Data records |
============================================================

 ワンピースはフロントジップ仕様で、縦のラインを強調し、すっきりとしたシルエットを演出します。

============================================================

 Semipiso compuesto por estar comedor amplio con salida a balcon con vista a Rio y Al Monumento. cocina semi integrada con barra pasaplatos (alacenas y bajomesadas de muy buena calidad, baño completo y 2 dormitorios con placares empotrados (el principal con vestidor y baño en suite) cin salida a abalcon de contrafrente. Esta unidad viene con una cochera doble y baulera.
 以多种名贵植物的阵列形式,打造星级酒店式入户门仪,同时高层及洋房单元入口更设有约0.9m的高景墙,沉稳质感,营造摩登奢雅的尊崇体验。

============================================================

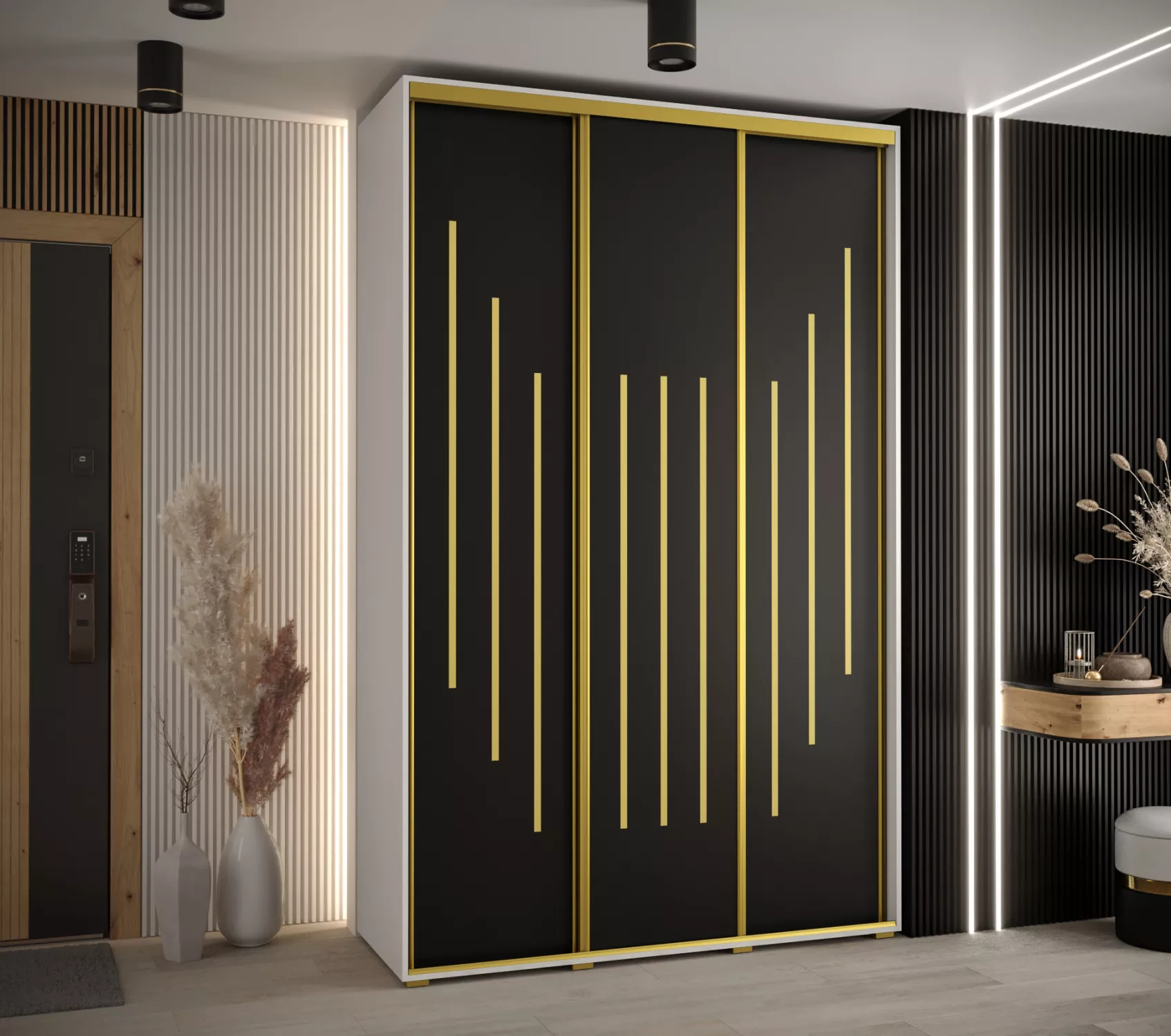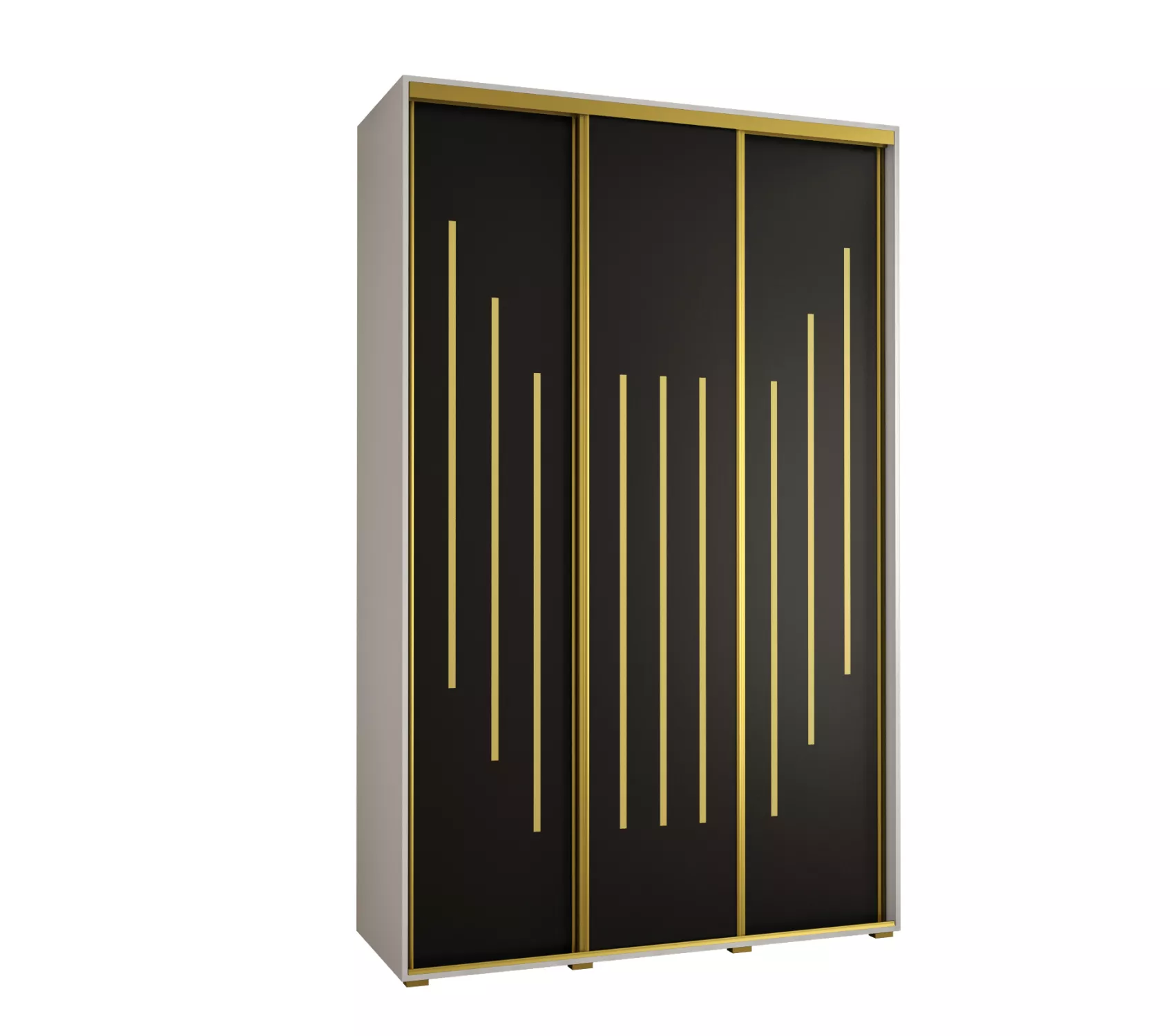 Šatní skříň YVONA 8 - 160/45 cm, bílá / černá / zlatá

============================================================

Task item |
Restate word for word the entries above from the line with "Semipiso compuesto por" through the line with "以多种名贵植物的阵列形式,打", inclusive, leaving out everything else.

Written response |
 Semipiso compuesto por estar comedor amplio con salida a balcon con vista a Rio y Al Monumento. cocina semi integrada con barra pasaplatos (alacenas y bajomesadas de muy buena calidad, baño completo y 2 dormitorios con placares empotrados (el principal con vestidor y baño en suite) cin salida a abalcon de contrafrente. Esta unidad viene con una cochera doble y baulera.
 以多种名贵植物的阵列形式,打造星级酒店式入户门仪,同时高层及洋房单元入口更设有约0.9m的高景墙,沉稳质感,营造摩登奢雅的尊崇体验。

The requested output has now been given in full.